Нет нужды говорить, что эти средства стали огромным стимулом для партийных организаций, и с политическими успехами и притягательностью, которые теперь впервые стали уже скорее национальными, чем региональными, Гитлер и его сторонники стали заметно расцветать. Для партийного управления был приобретен большой особняк на Бреннерштрассе, и он стал знаменитым Коричневым домом. Это был поворотный момент, и с распространением по Европе в целом, и по Германии в особенности, последствий экономического краха в Америке Гитлер опять обрел более чем плодородную почву, в которой мог сеять свои семена. Я все еще был привязан к своей литературной и художественной деятельности, но осознавал, что дело вновь обрело движение и что Гитлер не только воскрес как личность, за которой надо наблюдать, но и что если не оказать на него влияние, отличное от того, что оказывает на него ближайшее окружение, может произойти что-то. Это я ощущал более или менее подсознательно и какое-то время ничего практического не предпринимал.
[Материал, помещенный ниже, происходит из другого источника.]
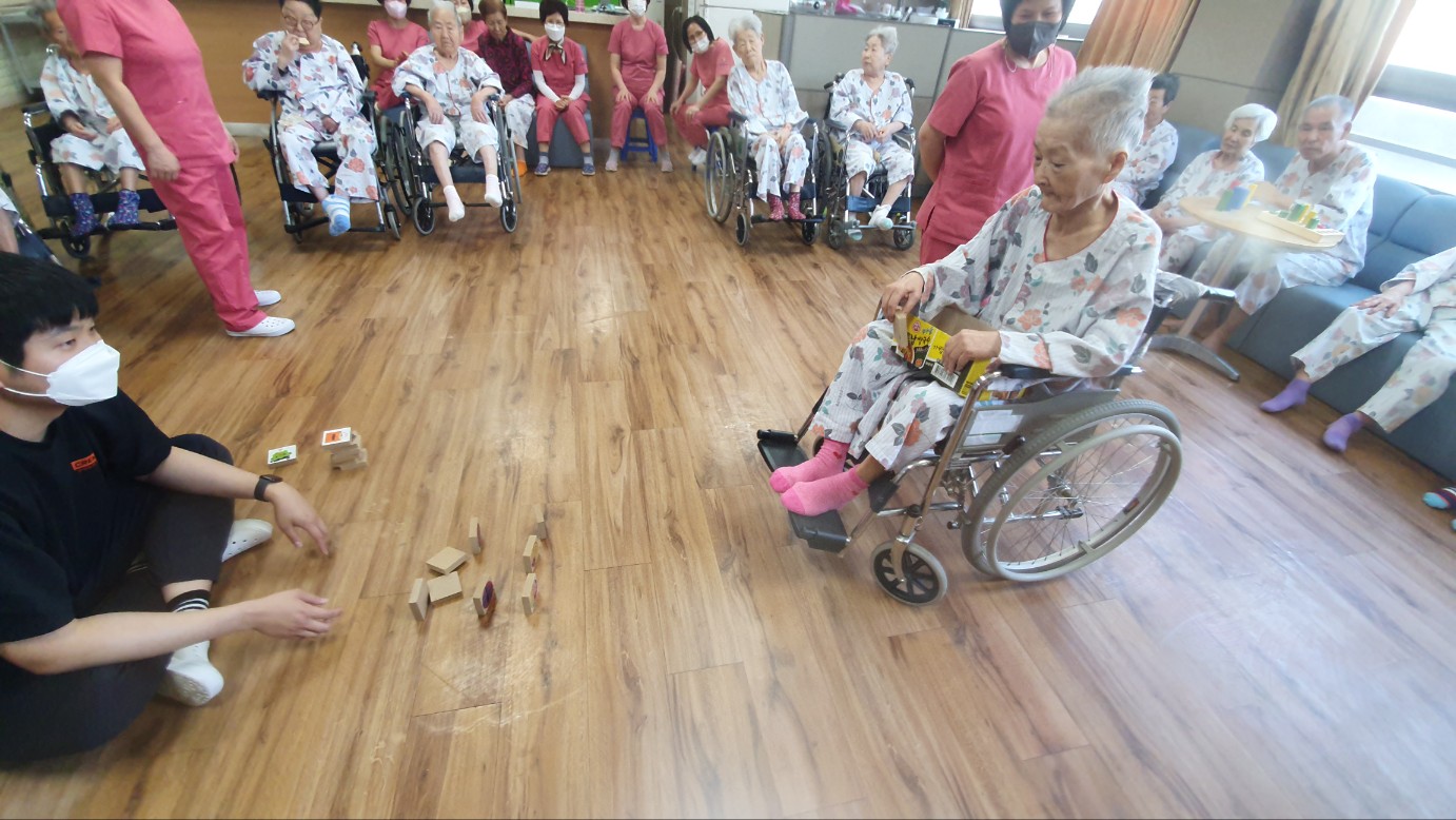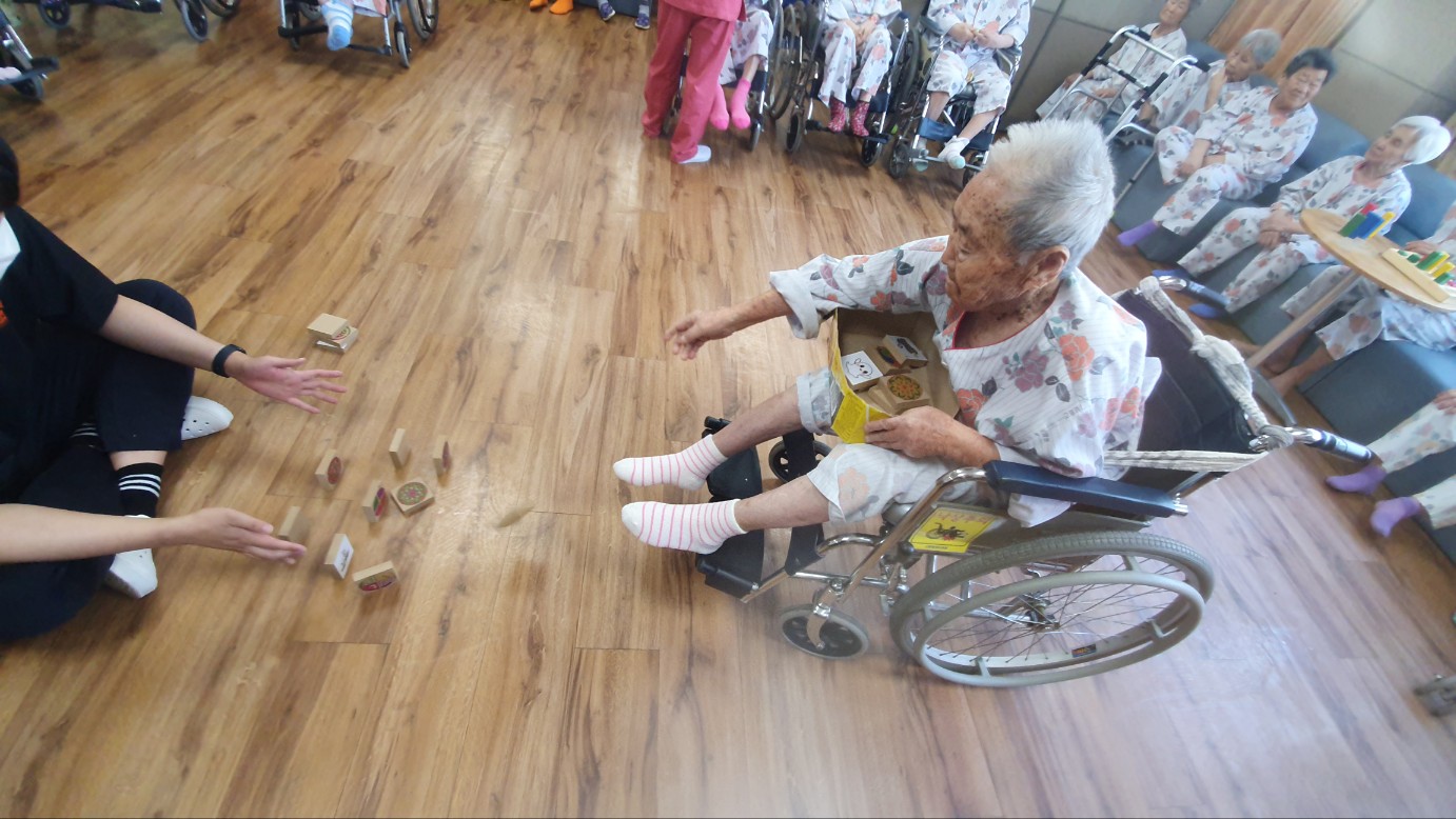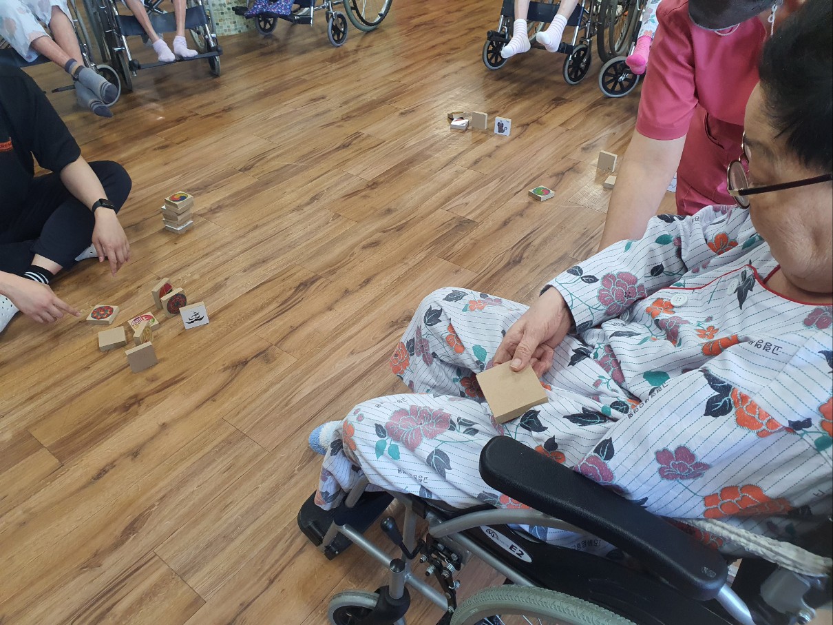 추억의 전통놀이 비석치기 일정한 거리에서 손바닥만한 작은 돌을 발로 차거나 던져서 상대의 비석을 쓰러뜨리는 놀이인데요 돌을 사용하기는 ㅎㅎ 어르신들께서 직접 색칠하신 나무 토막으로 비석치기 놀이를 진행 합니다. 비석이 넘어진 갯수만큼 과자를 나눠드리고 사탕은 덤으로 드렸더니 승부욕이 대단하셨습니다. 김00 어르신은 지난번 윷놀이가 더 재미있었다고 하시며 윷놀이를 했으면 의견 주셔서 다음 시간에는 윷놀이 도움 드리기로 하셨습니다

Лишь в начале 1930 года я почувствовал себя вновь затянутым в этот нацистский водоворот. И Ауви, и Геринг находили мой дом удобным центром: Ауви – потому что хотел сохранить разумную дистанцию между собой и партийными конторами, а Геринг – потому что в глазах старых приверженцев партии он все еще никоим образом не реабилитировался. В моей книге гостей есть запись от 24 февраля – на следующий день после убийства Хорста Весселя в драке на берлинской улице, показывающая, что и Ауви, и Геринг были на Пиенце-науэрштрассе с Гитлером и Геббельсом, чтобы обсудить это событие. Руководство было расколото в отношении того, какие меры следует предпринять, и по инициативе Геринга, как я помню, все они собрались в моем доме, чтобы подробно обсудить вопрос.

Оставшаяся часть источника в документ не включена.